On Giving Obama Power to Trash the Debt Ceiling

The topic headlined above is currently being debated on Capitol Hill, pushed by ‘Little Timmy’ Geithner and either ignorantly or duplicitously reported on by the usual apparatchiks: The New York Times, Bloomberg News, The Washington Post, L.A. Times et al.  Lest Obama’s loyal minions embarrass themselves by reflexively supporting this nitwit idea like so many others they’ve embraced in the past, here’s something for them to ponder from The Privateer, one of my very favorite reads.  Editor Bill Buckler drops a well deserved turd in the punch bowl with this trenchant and succinct analysis:

“If the US Dollar was not the world’s reserve currency and U.S. Treasury IOUs were not the world’s
preferred holding of reserves behind their own currencies and financial systems, the Treasury’s debt limit would have been done away with a long time ago. But the US Dollar IS the world’s reserve currency so the debt of the US government IS the underpinnings of the global financial system. That being the case, the system stands or falls on the continuing perception that Treasury debt paper is a viable form of ‘reserve’ and that the debt of the US government will NEVER become ‘unsustainable’.  An announcement by the US government that it was getting rid of any ‘limits’ to its debt-generating capacity would put that perception at risk – quite possibly at grave risk.

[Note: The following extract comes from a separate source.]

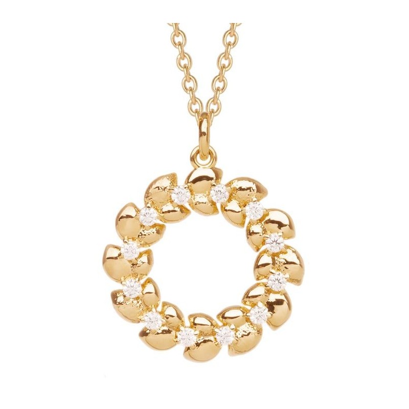Collier en plaque or avec pendentif sertis d'oxydes de zirconium sur chaine maille forçat. Fermoir anneau ressort. Longueur ajustable de 40cm à 45cm.

“That is the reason why the debt limit remains – even though it has not been an impediment to ever increasing Teasury indebtedness for well over half a century. It is easy to laugh at the seeming absurdity of a Treasury ‘debt limit’ and many people do. Take it away, however, and the fiction that sovereign debt is ‘sustainable’ – let alone any ‘confidence’ in its eventual repayment – would be MUCH harder to maintain. Absurdities abound in history, and the more abject the absurdity, the more tenacious it tends to be. Today, a US Treasury debt ‘limit’ is a very necessary absurdity. This does not mean that the debt limit will NOT be abolished. But it does mean that the new Congress
convening early next year will be very reluctant to take such a step.”